Immunotherapy of cancer has a history full of important discoveries that goes back to the late nineteenth century, when William B. Coley observed tumor regressions following the injection of a bacterial broth also known as Coley’s toxins into malignant lesions.
This was followed by a series of discoveries but also draw-backs that have led to marked fluctuations in attitude toward cancer immunotherapy.

Cancer immunotherapies, ranging from monoclonal antibodies to complex cellular vaccines, have long been considered as promising, and are expected to provide clinical benefit with focused or minimal toxicities. The fact that they have not yet delivered on that promise may be due to the incomplete scientific understanding of tumor immunology on one hand and the use of conventional development plans as defined for the distinctly different but more familiar chemotherapeutic agents on the other hand. Thus, some immunotherapy failures can probably be explained by their lack of efficacy, while others may be due to an inadequate approach to their development.

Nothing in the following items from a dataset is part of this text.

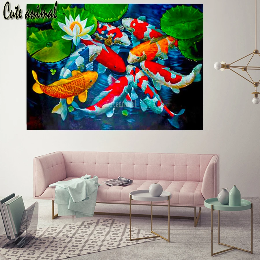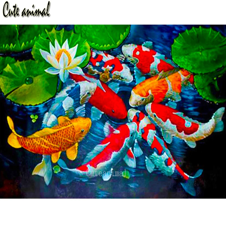 5D алмазная картина крестиком Koi fish carp lotus Full drill квадратная Алмазная мозаика Алмазная вышивка ручной работы настенный арт подарок
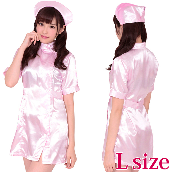 ミニワンピース&キャップがセットになったナース服コスプレ(L)。 ミニ丈ワンピースのギリギリ感と、清楚なイメージのナース姿のギャップはとっても誘惑的!光沢感のあるキュートなピンクカラーが、セクシーさと可愛らしさの両方を演出してくれます。 フロントはボタン式で下まで開きます。 ※Mサイズ( b15884)、LLサイズ( b18127)あります。
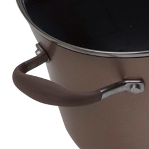 Metal utensil-safe Anolon Advanced Bronze features a stunning combination of shape and color. The sophisticated palette of warm bronze exterior coupled with deep chocolate interior is enhanced by its softly flared tulip-shaped profile. The collection's heavy gauge, hard-anodized construction ensures efficient, even heat distribution for exceptional gourmet cooking performance. DuPont??s rugged Autograph 2 nonstick surface inside is ideal for both healthy cooking and easy cleanup. Restaurant tested by professional chefs, Autograph 2 delivers superior durability that stands up to the rigors of a professional kitchen Revolutionary Anolon SureGrip handles, feature comfortable silicone rubber over durable stainless steel, providing a confident grip, that is also oven safe to 400 degrees Fahrenheit. The glass lids allow you to monitor food while it cooks without losing heat or moisture. This Anolon Advanced Bronze set offers a sophisticated look, professional performance and a wonderful variety of sizes and shapes that will complement every kitchen.
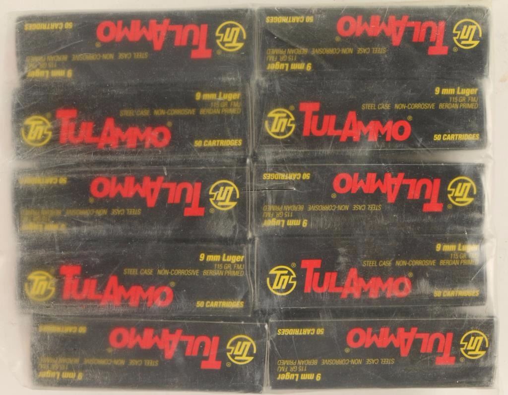 Consisting of ten 50 round boxes of Tula steel case 115 grain full metal jacket ammunition.
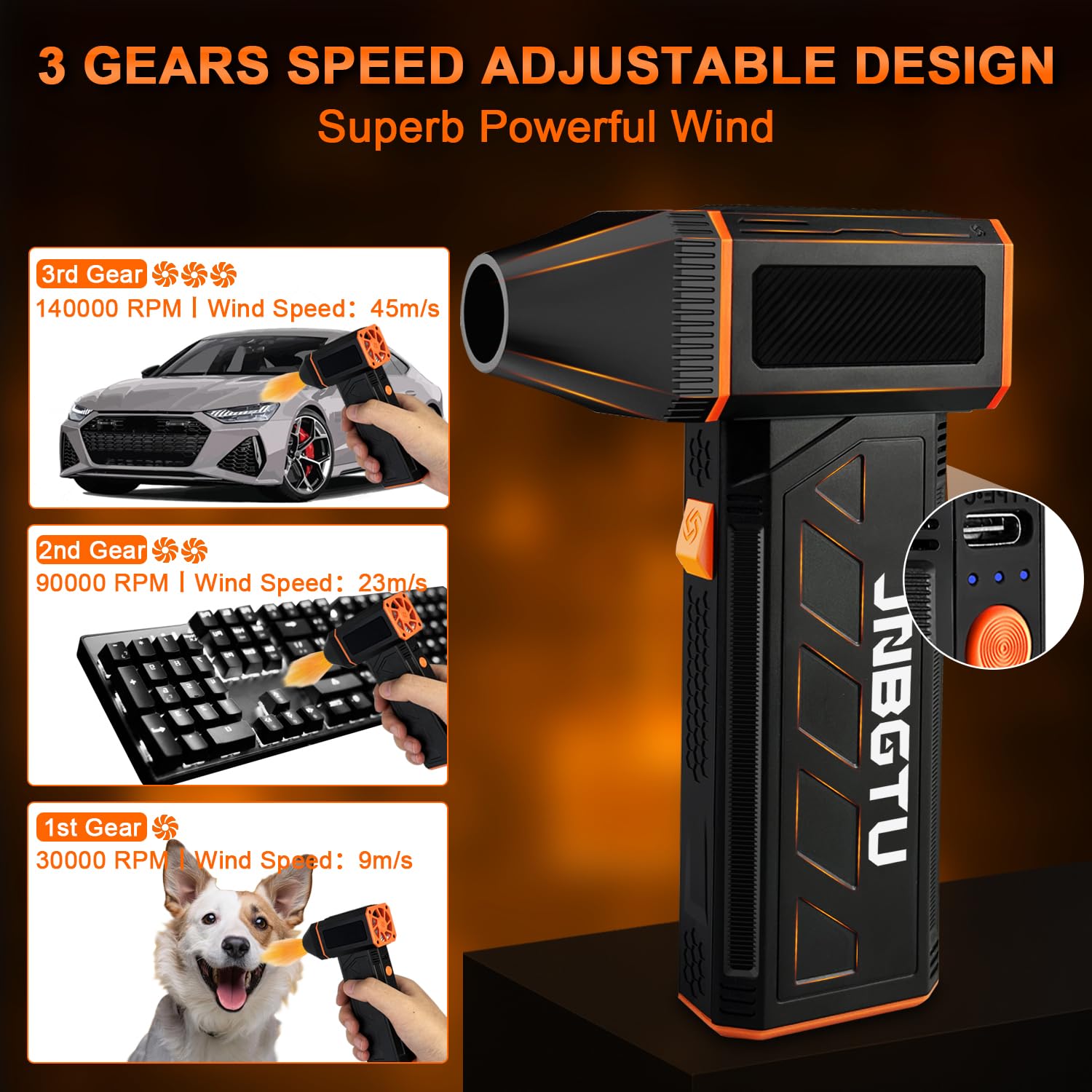 Strong Airflow: With a maximum speed of 140,000 RPM, this air dust collector produces high pressure airflow of 45 meters per second and offers three adjustable speed Settings for excellent performance. The strong compressed air creates a strong airflow that ensures easy and thorough cleaning of every corner
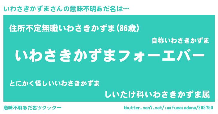 | ファンタジー風あだ名 | 『エターナルイワサキカズマー』 |
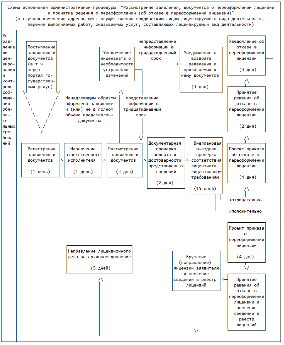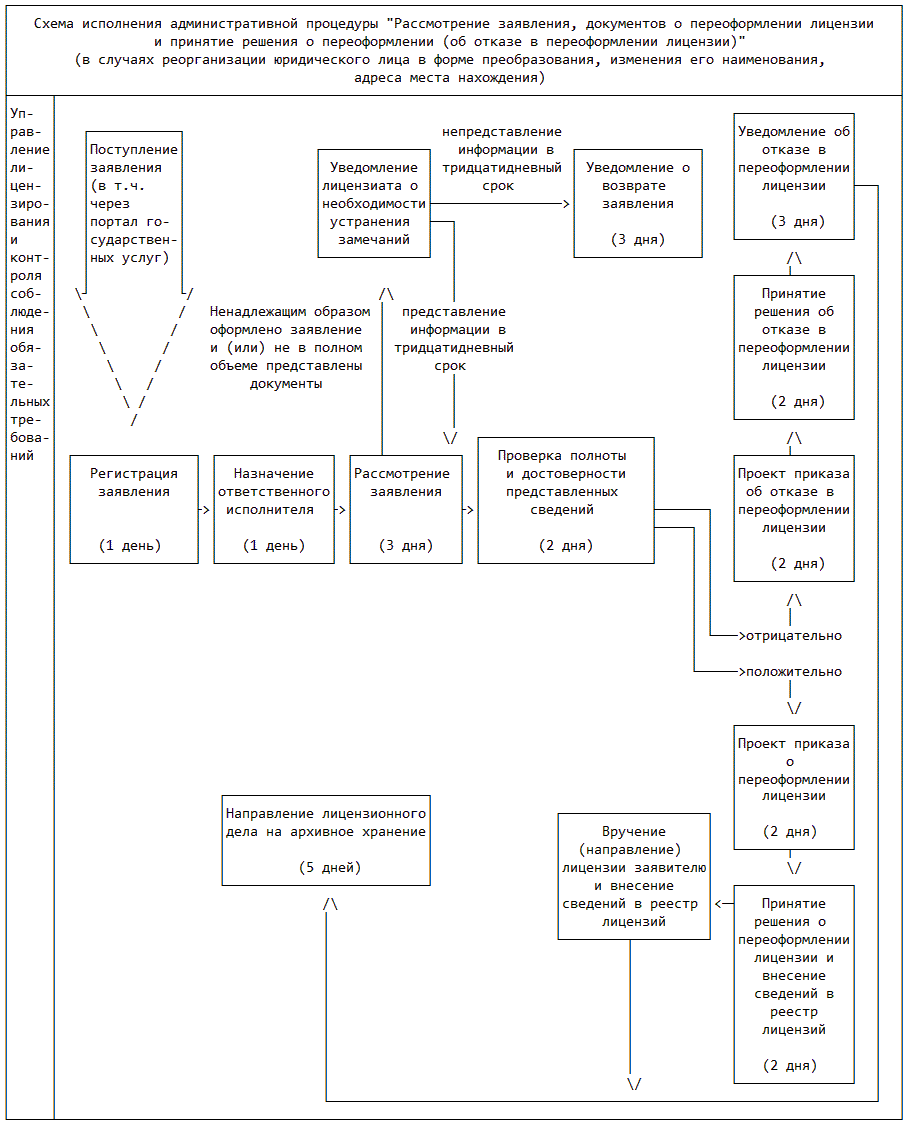 2) принятие решения о переоформлении (об отказе в переоформлении) лицензии (в случаях реорганизации юридического лица в форме преобразования, изменения его наименования, адреса места нахождения) - 10 рабочих дней со дня поступления в Росздравнадзор надлежащим образом оформленного заявления о переоформлении лицензии и других документов (сведений), предусмотренных пунктами 20 и 21 Административного регламента;
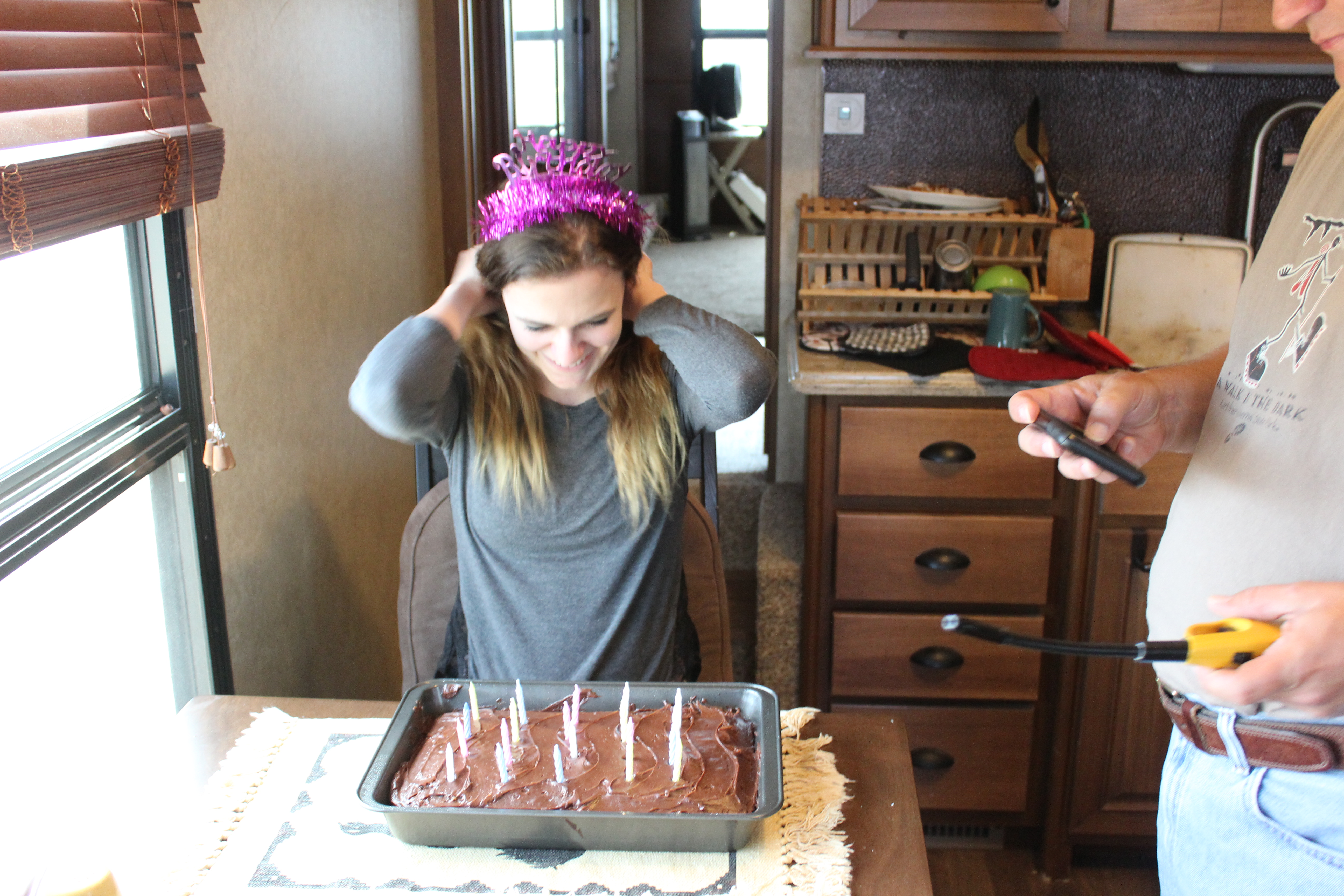 As I’ve stated before I don’t believe in coincidence, so when Kay’s route between her Air Force school in Monterrey (she passed her Korean course with honors) and her next duty station at the Goodfellow Base in  Texas took her right through Albuquerque it felt meant to be.  When she made it to Albuquerque on her 20th birthday, it felt like more than that.  One of my few regrets about becoming full timers is that Kay doesn’t have a permanent home to come back to on holidays, so being able to spend both Christmas and her birthday with her this year has been amazing.  Plus, Lee just loves hanging out with her.  The two of them really get each others sense of humor and they are pretty adorable together.  Kay is driving (with two vehicles) with someone in her class who had a relative in Albuquerque, so they split apart for the day and Kay drove up to hang out with us in the camper.  We even had a cake mix I had picked up somewhere awhile back and were able to make her a cake, some lunch, and recycle the cool Happy Birthday tiara Deb and Ellen had gotten for me in Glacier back in August.  It was a wonderful day and we spent several hours together.  Really a perfect visit and I am so grateful that we got to spend it with her.
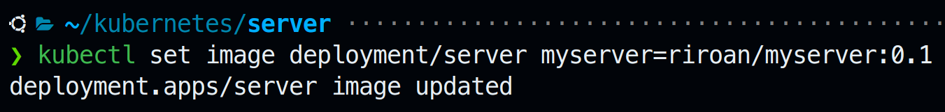 kubectl set image deployment/server myserver=riroan/myserver:0.1
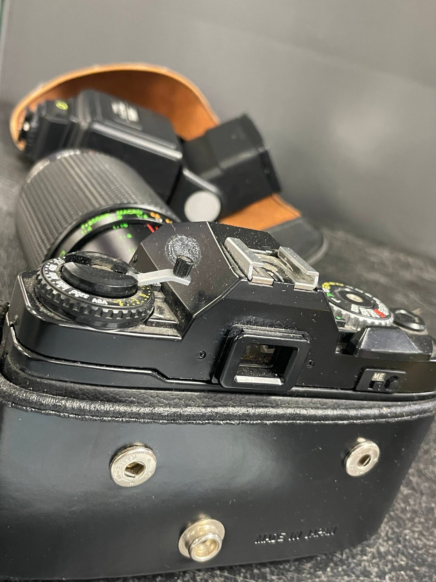 RICOH 35MM CAMERA XR-7 WITH ELECTRONIC FLASH - SUNPAK 422D
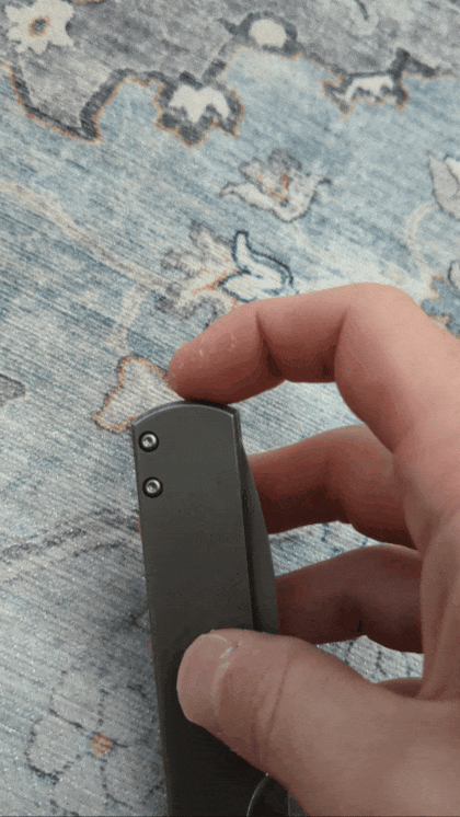 Here are some overview pictures. I have sharpened it; it came sharp but was very obtuse--classic "show edge". The smaller screws and stop pin are steel, and the other body pieces are titanium. There's no side to side play, and it was very smooth after a dozen openings, though before that there was light lock stick (oil perhaps?) and felt gritty (rough stonewash finish perhaps?).
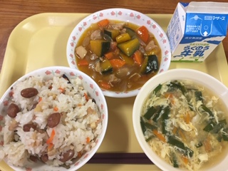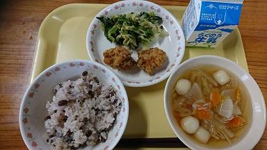 「赤飯、牛乳、からあげ、ほうれんそうのおひたし、はんぺん汁」でした。
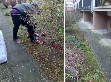 Os. Jagiellońskie: mężczyzna przebywał pod balkonem i zaśmiecał okolicę. "Ma gdzie mieszkać, ale nie chce tam być"

In the last three years the field, for the first time, saw the clinical proof of success for cancer immunotherapies achieved in controlled randomized phase III trials meeting primary survival endpoints: the first regulatory approvals of a therapeutic cancer vaccine, Sipuleucel-T ( Provenge ) for hormone-refractory prostate cancer, and for the T-cell potentiating monoclonal antibody anti-CTLA-4 ( Ipilimumab; Yervoy ).
With these historic milestones reached in two unrelated tumor entities and two distinct agents, immunotherapy is finding entry to the landscape of prescription medicines in oncology next to the existing approaches of chemotherapy, small molecule targeted therapies, radiation and surgery.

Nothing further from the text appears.